Mąż Sarah Hairini, Connor, prezentuje podkoszulki szyte na miarę. (Źródło: T. Carrere)

Conor Hairini, mąż Sary, prezentuje szyty na miarę czarny top i biały dół, które po przekątnej oddziela podkoszulek we wzór paproci. Imię „Herini” pojawia się jako przedłużone nad cyfrą pięć.

„Powiedział, iż jest nas około 20 osób i nosimy te podkoszulki. Więc tak, mamy dobrą załogę, dobry zespół, wielu przyjaciół i rodzinę. Jesteśmy gotowi do pracy”.

Powiedział, iż jego żona włożyła wiele ciężkiej pracy w ciągu ostatnich sześciu lub siedmiu miesięcy, aby tu dotrzeć, więc jest bardzo podekscytowany, „mogąc patrzeć, jak ona i pozostałe dziewczyny wkładają w to pracę”.

„Obserwowanie jej, jak wychodzi później tego popołudnia, będzie czymś wyjątkowym” – powiedział.

To samo tyczy się Woodmanów, oni też wyszli z mocą.

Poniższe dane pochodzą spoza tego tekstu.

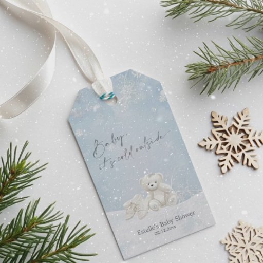 A delightful and practical souvenir for your guests! This elegant acrylic keychain features the lovely "Baby, It's Cold Outside" theme with the sweet, soft teddy bear and delicate snowflakes on a serene snowy background. It's a perfect, memorable baby shower favor to thank your attendees. The durable, high-quality design is gender-neutral and beautifully captures the magic of your winter wonderland celebration.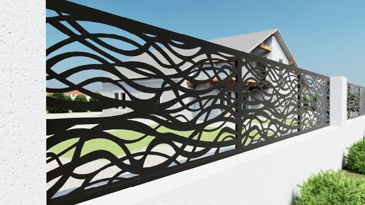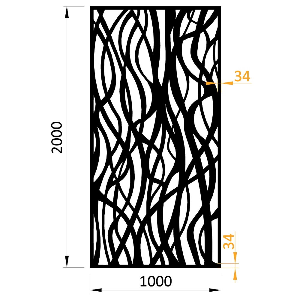Ocelový designový plech, laserem vypálený vzor, rozměr plechu 1000 x 2000 x 2,5 mm (š. x v. x tl.). Bez povrchové úpravy. Perforace 44%. Šířka rámování (okrajů bez výpalu) je 35 mm. Použití - plotová výplň, pergola, opora pro popínavé rostliny, zábradlí, oddělovací stěna v interiéru apod.
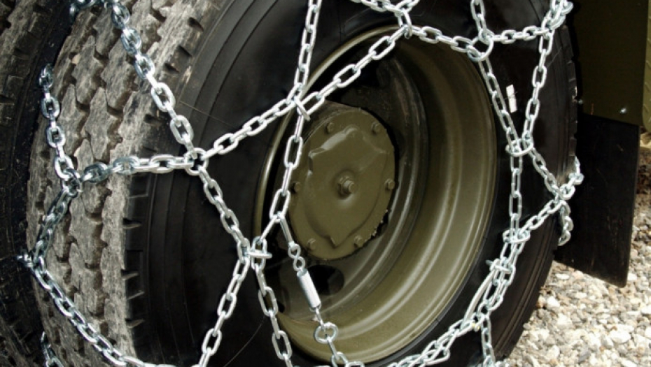 Kada se sneg nalazi na kolovozu, lanci se montiraju na pogonske točkove na onim saobraćajnicama gde je označena obavezna upotreba.
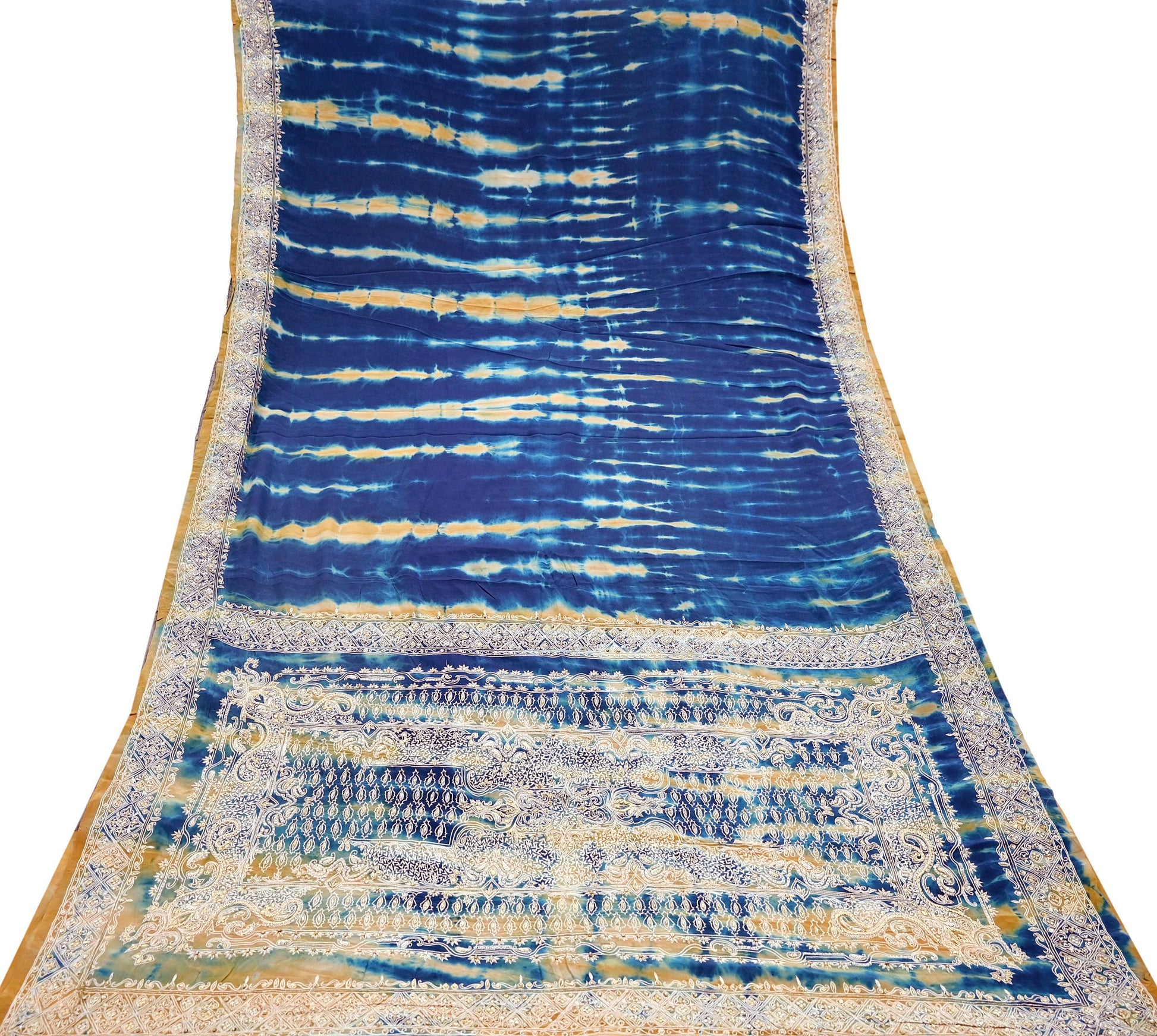Indian Vintage Saree Pure Crepe Silk Hand Embroidered Tie-Dye Sari Fabric 5yard Sewing Craft Fabric Ethnic Dressmaking Crafting Zardozi Zari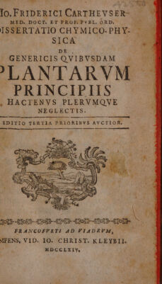 Io. Friderici Carthevser ... Dissertatio chymico physica de genericis qvibvsdam plantarvm principiis hactenvs plervmqve neglectis / [Johann Friedrich Cartheuser].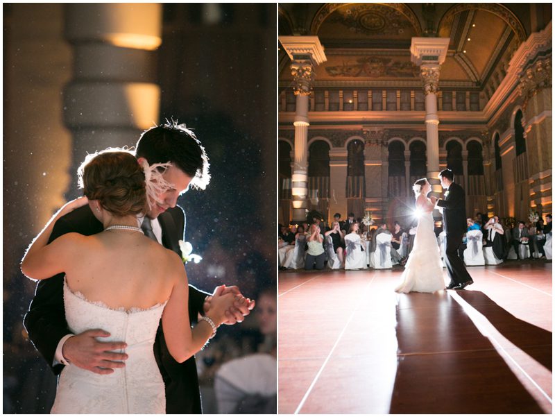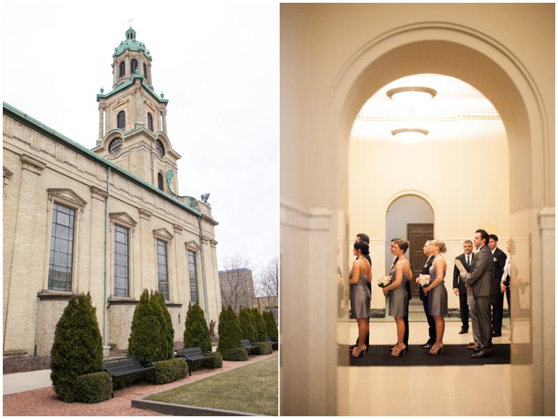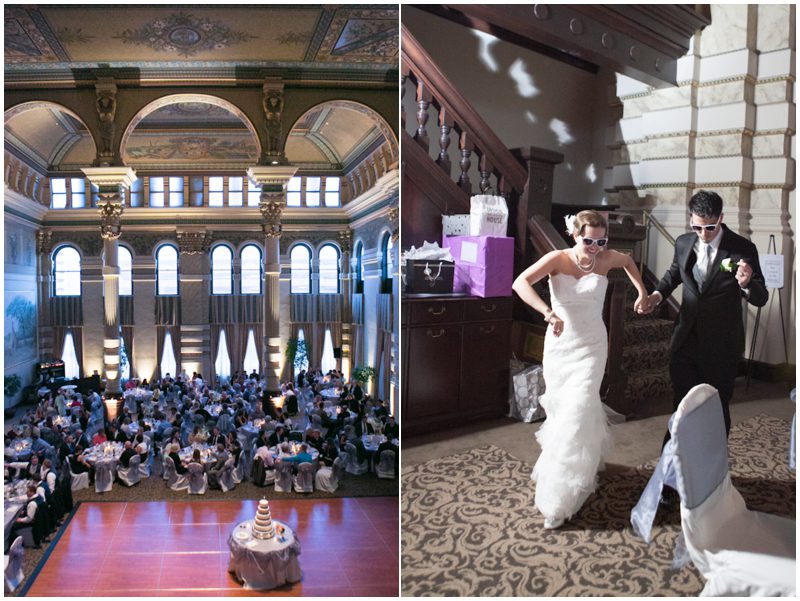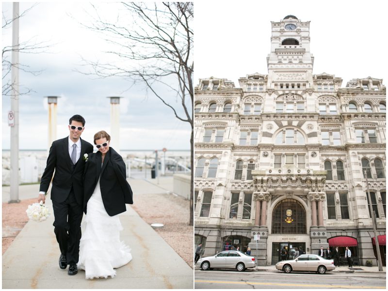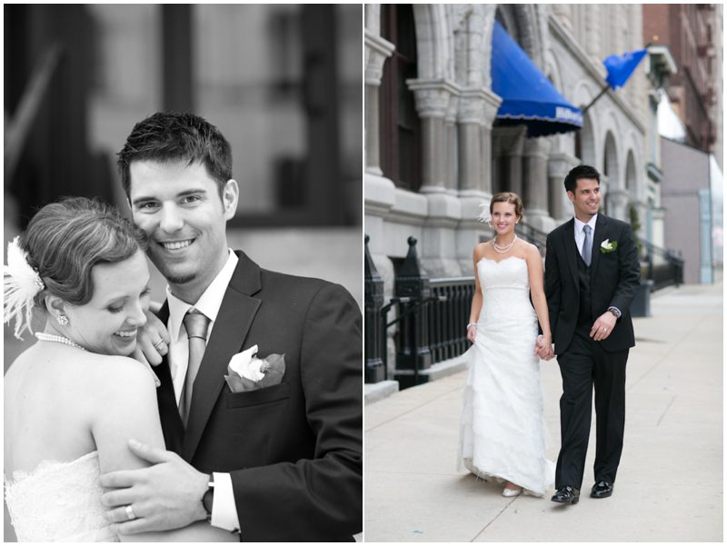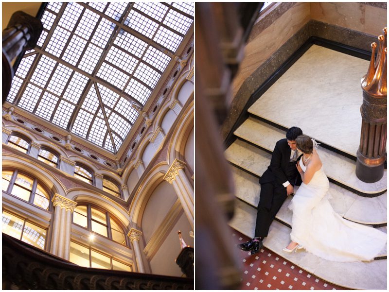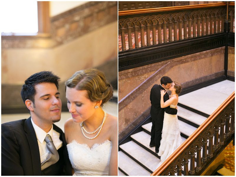 Jennifer & Derek hosted their wedding at some of my favorite venues in the city, ending the night at The Grain Exchange, a gorgeous ballroom capped by a soaring bell tower and gilded in murals and gold leaf. Jennifer’s vintage-inspired dress and hairpiece set her perfectly in the era of the Grain Exchange and Derek handsomely escorted her throughout the day – from the magnificently restored Cathedral of St John to the lakefront and back again downtown. Sunset happened behind a cloud but we made our own magic in the soaring atrium of the newly restored Hilton Garden Inn across the street from the reception. There a huge cast iron staircase capped with marble spirals up through the center of the hotel and allowed me to capture a few quiet, private moments between Jennifer & Derek. And then back again they went to the glitz and glamour of their beautiful reception where their guests munched on Garrett’s popcorn and danced the night away.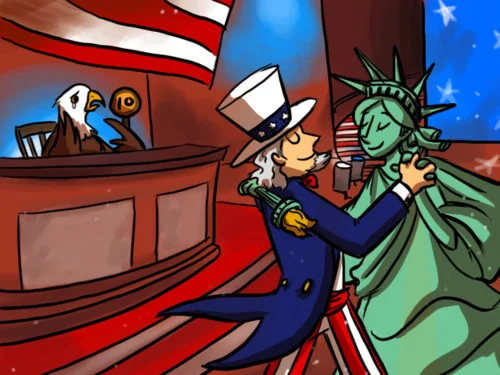 [Note on the cartoon: My technical and blog etiquette expert Diana Kimball tells me it is proper etiquette to acknowledge the origin of photos by linking to the source. I won’t go back and do that on all of my earlier posts, but I wanted to give you the link to this one because I found it early on, and then was frustrated that I couldn’t find it when it came time to post “Leading States in the Fiscal Two-Step." I love this cartoon. It is much better than the cartoon I previously had of Uncle Sam dancing with Lady Liberty. Here is the link. From the site, it looks as if you can ask people online to draw pictures for you pro bono–something useful for every blogger to know. Has anyone had any experience with this?]
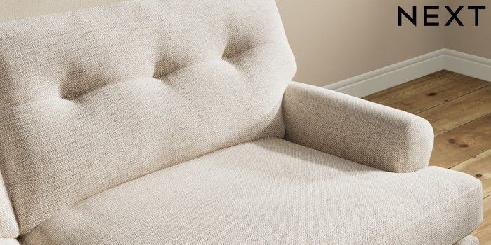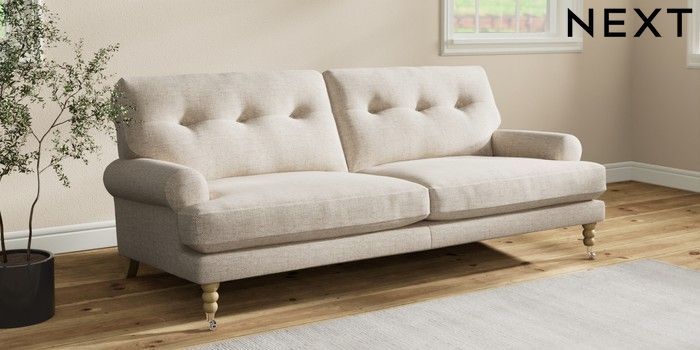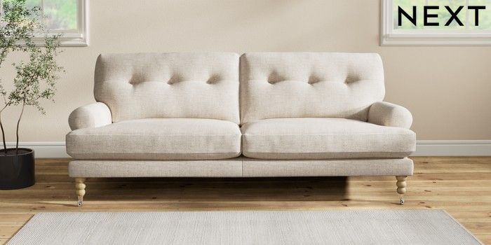 7.2.10 Erin Buttoned Back Deep Relaxed Sit 3 Seater Sofa Chunky Weave Mid Natural High Classic Turned Chrome Castor - Light | Made Click here to use our website with more accessibility support, for example screen readers

„Jest nas około 12 osób [close together]„W Paryżu przebywa osiem innych osób. Są to ciotki, wujkowie i kuzyni Portii, którzy przybyli z nami, a także jej siostrzeńcy” – powiedziała Kauhina.

Bratanek Portii Woodman-Wickliffe, Kaharu, ma nadzieję, iż jego ciotka będzie miała dobry mecz. (Źródło: T. Carrere)

Powiedział, iż jest byłym zawodnikiem rugby z Nowej Zelandii i Maorysów i zawsze udzielał swojej córce takich samych zachęt, które odziedziczył po latach spędzonych na boisku.

„Kiedy grałem w rugby, mój trener kazał drużynie porozmawiać z nami wszystkimi. Mówił wszystkim, co mają robić, a oni podchodzili do bocznych obrońców i mówili: „Podaj piłkę skrzydłom” i „Kahina, musisz podnieść piłkę i biegać jak…”.

„I adekwatnie nie było to nic złego, to był po prostu przekleństwo.

„Dlatego zawsze mówiliśmy Portii: «Kochanie, proszę, po prostu złap piłkę i uciekaj jak cholera»”.

Wygląda na to, iż mądre rady krążą w rodzinie. Jego młody bratanek Kaharu powiedział, iż jest szczęśliwy, iż jest w Paryżu, „żeby popatrzeć na grę cioci” i ma nadzieję, iż rozegra dobry mecz.

„Jeśli jej drużyna nie wygra, nie mam nic przeciwko, pod warunkiem, iż będzie się dobrze bawić i zdobędzie kilka dobrych punktów, to wszystko się liczy.

„Nie chodzi o zwycięstwo, ale o to, żeby dać z siebie wszystko”.